The problem: Repeat exactly the lines that begin at the one containing "CM Sai X Post" and end at the final line of the records; include no pictures and nothing else.

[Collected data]

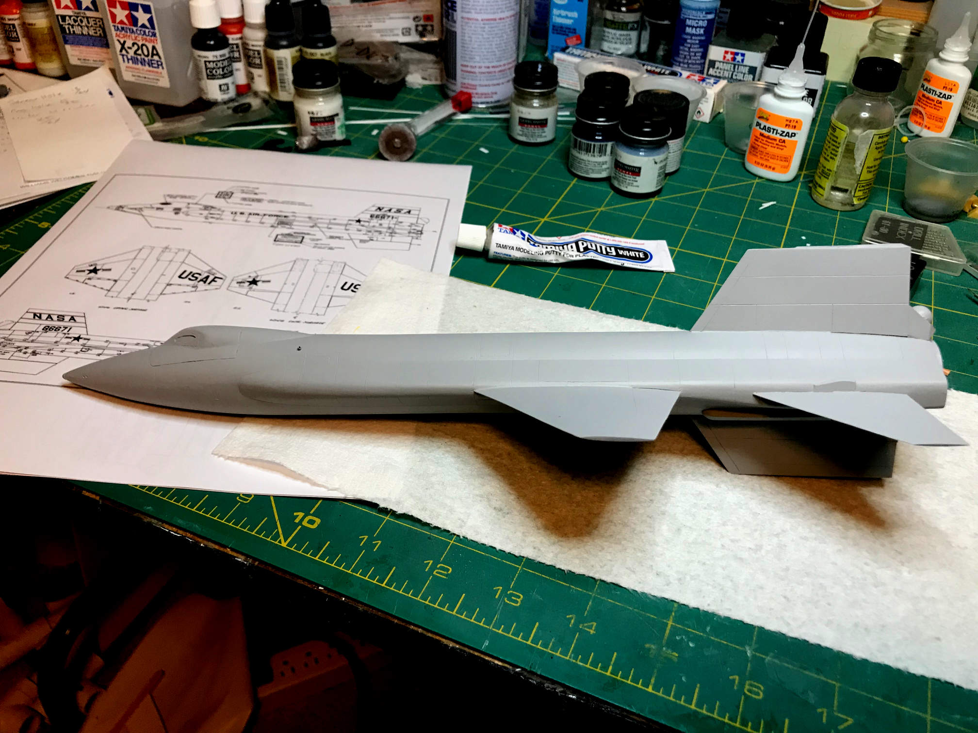 The only parts left to add are a couple of antennas on the lower side of the fuselage and the two vent booms that project from the back of the rocket motor. I’m leaving them off until painting is finished since with all the handling that will need to be done I will probably break them off if I put them on now.
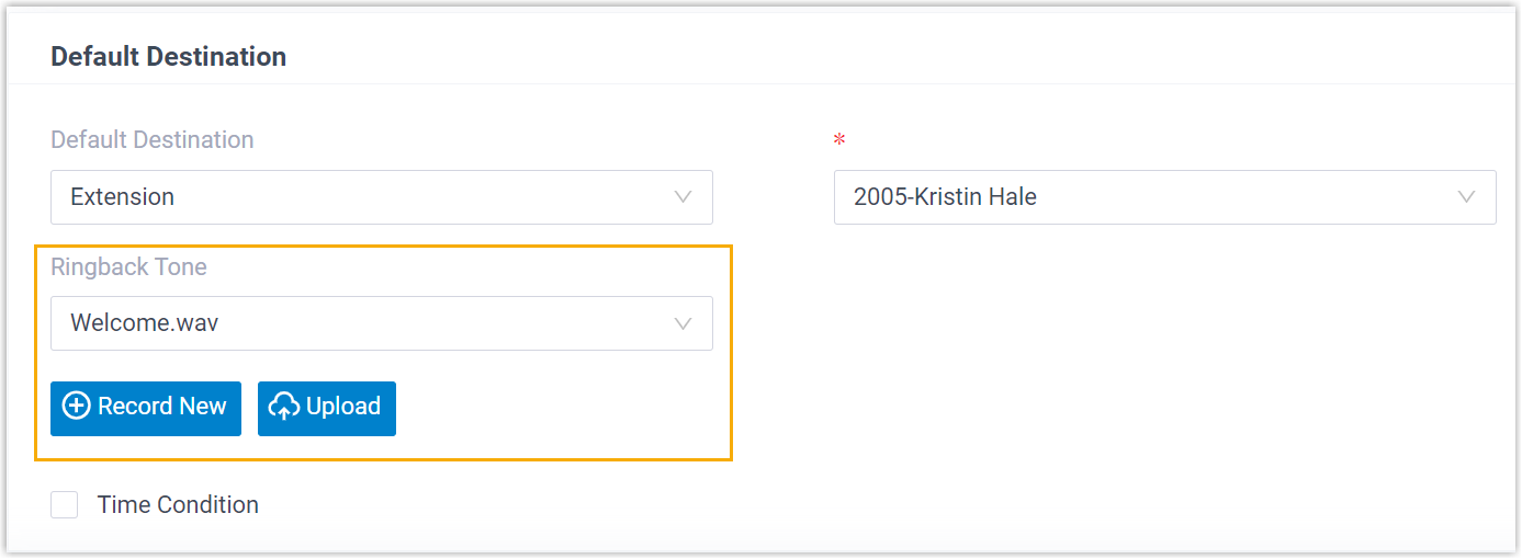Inbound Route Allows you to set Ringback Tone when the destination of an inbound route is set to Extension, which is played to callers before the extension user answers the call (Path: ).
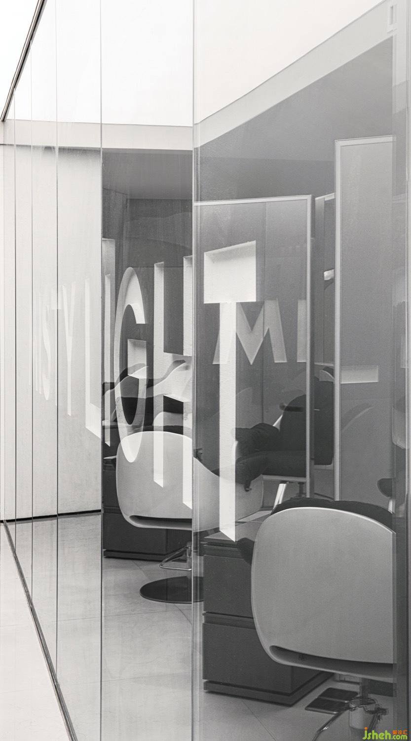 理發(fā)椅前選用的大面積方形鏡子增強(qiáng)了空間的縱深感和空闊感,讓打斷的線條被重新鏈接起來(lái),形成對(duì)立和平衡的“新”空間
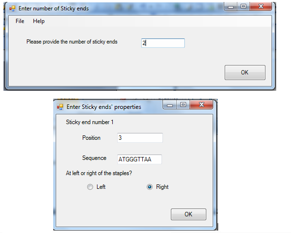 Users can also choose to add sticky end by enter the number of sticky end they need and specify the sequence and location of sticky ends in the scaffold.
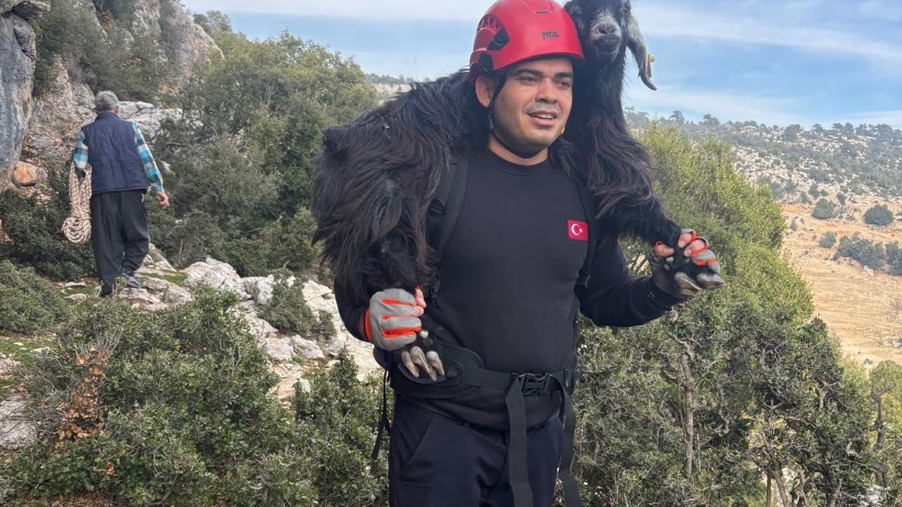 Mersin'de kayalıklarda mahsur kalan 2 keçi, itfaiye ekiplerinin kontrollü çalışmasıyla kurtarıldı.
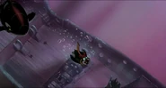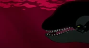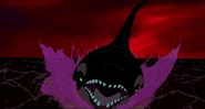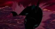 Much later, as Hubie and Rocko are closer than ever to home, something hits their iceberg with tremendous force and shakes it violently. Rocko realizes their attacker must be at least one orca and tells the dreaded fact to Hubie that orcas are seen traveling in pods in the cold oceans of the Arctic Ocean. Just then, another orca rams their iceberg and starts breaking it up. Hubie and Rocko hop from one iceberg to another, avoiding more orca attacks, until they see an iceberg that looks like a sinister face and decide to swim for it to escape. Suddenly, however, another orca leaps out of the water and hits their iceberg, smashing it in two with its weight. Hubie loses his pebble in the water, and, despite Rocko's protests, dives after it. A third orca leaps out and attacks the berg, but Rocko leaps on it to try and fend it off. Hubie dives down to the wreck of a whaling ship on the bottom and retrieves his pebble, but two orcas suddenly appear out of nowhere to attack him. Hubie swims to the bow of the ship and tries to fire the harpoon at his attackers, but the first orca slams into the harpoon, smashing it to bits.
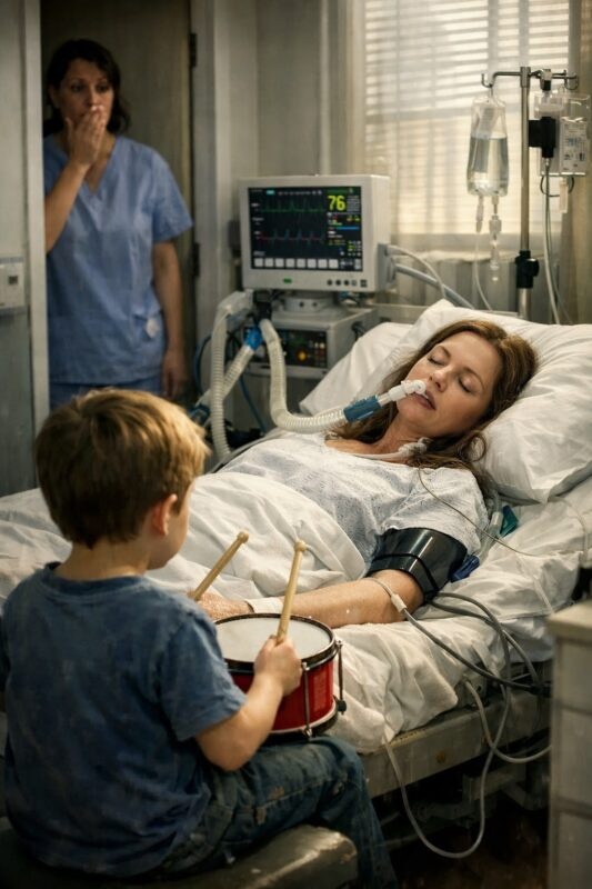 Ένα μικρό αγόρι, από πίσω, χτυπούσε απαλά το τύμπανο, καθισμένο δίπλα στο κρεβάτι της Έλενορ. Η Λόρα εισέπνευσε για να φωνάξει… αλλά σταμάτησε αμέσως.
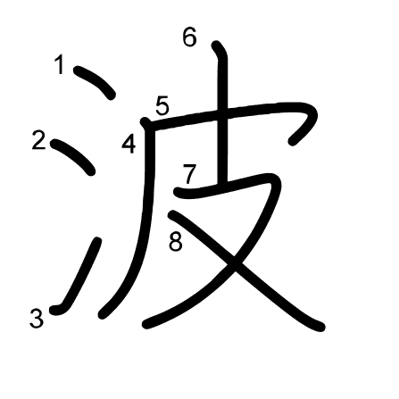 Hlavní radikál: 水 (85) Tahy: 8 obrázek | animace | tabulka
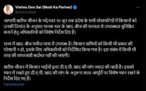 CM Sai X Post : राज्य में खाद-बीज पर्याप्त मात्रा में उपलब्ध है। किसान साथियों को किसी भी प्रकार की परेशानी न हो, इसके लिए अधिकारियों को निर्देशित किया गया है। इस संबंध में किसी भी तरह की लापरवाही बर्दाश्त नहीं की जाएगी।
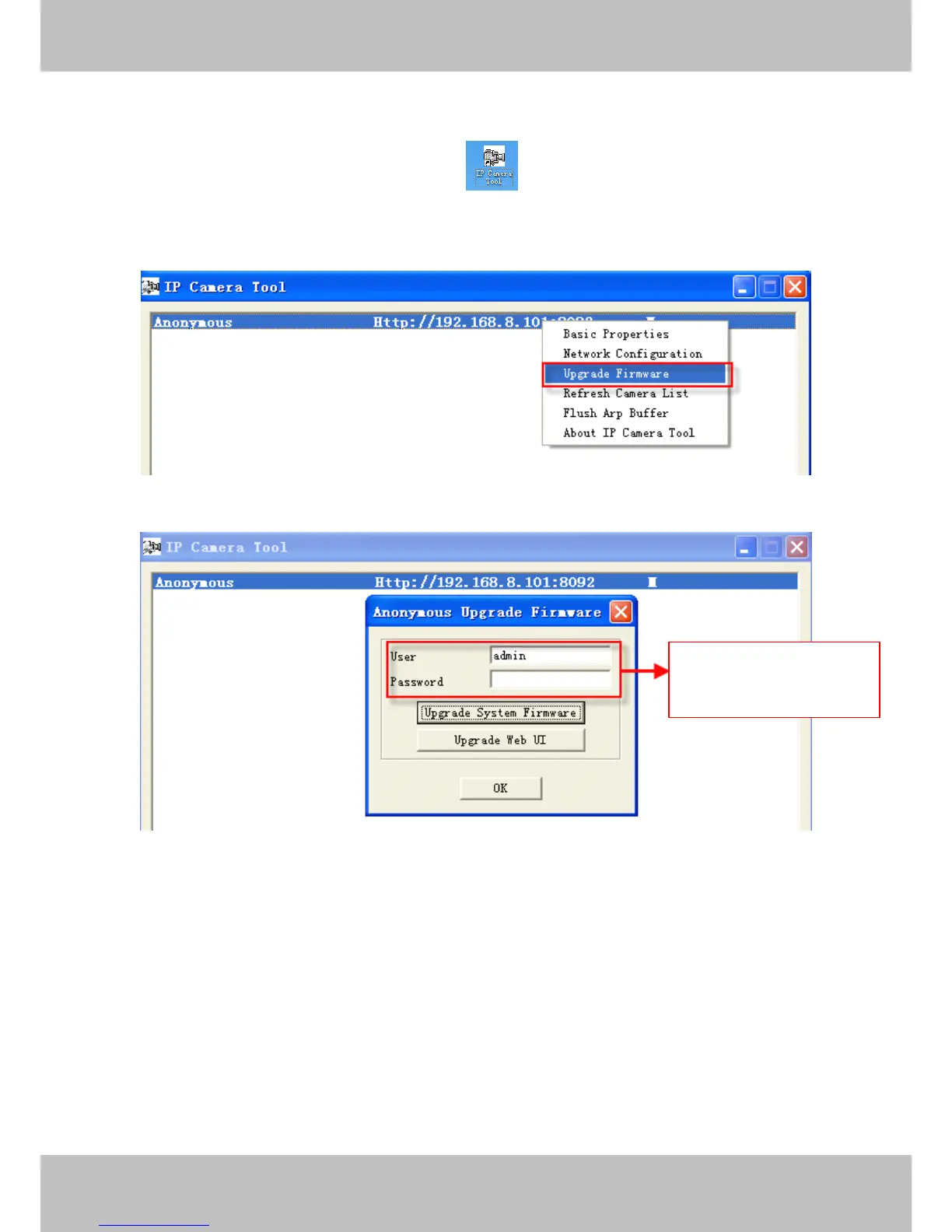 upgrade the firmware. Then select Upgrade Firmware and enter the username and password,

Answer space:
 CM Sai X Post : राज्य में खाद-बीज पर्याप्त मात्रा में उपलब्ध है। किसान साथियों को किसी भी प्रकार की परेशानी न हो, इसके लिए अधिकारियों को निर्देशित किया गया है। इस संबंध में किसी भी तरह की लापरवाही बर्दाश्त नहीं की जाएगी।
 upgrade the firmware. Then select Upgrade Firmware and enter the username and password,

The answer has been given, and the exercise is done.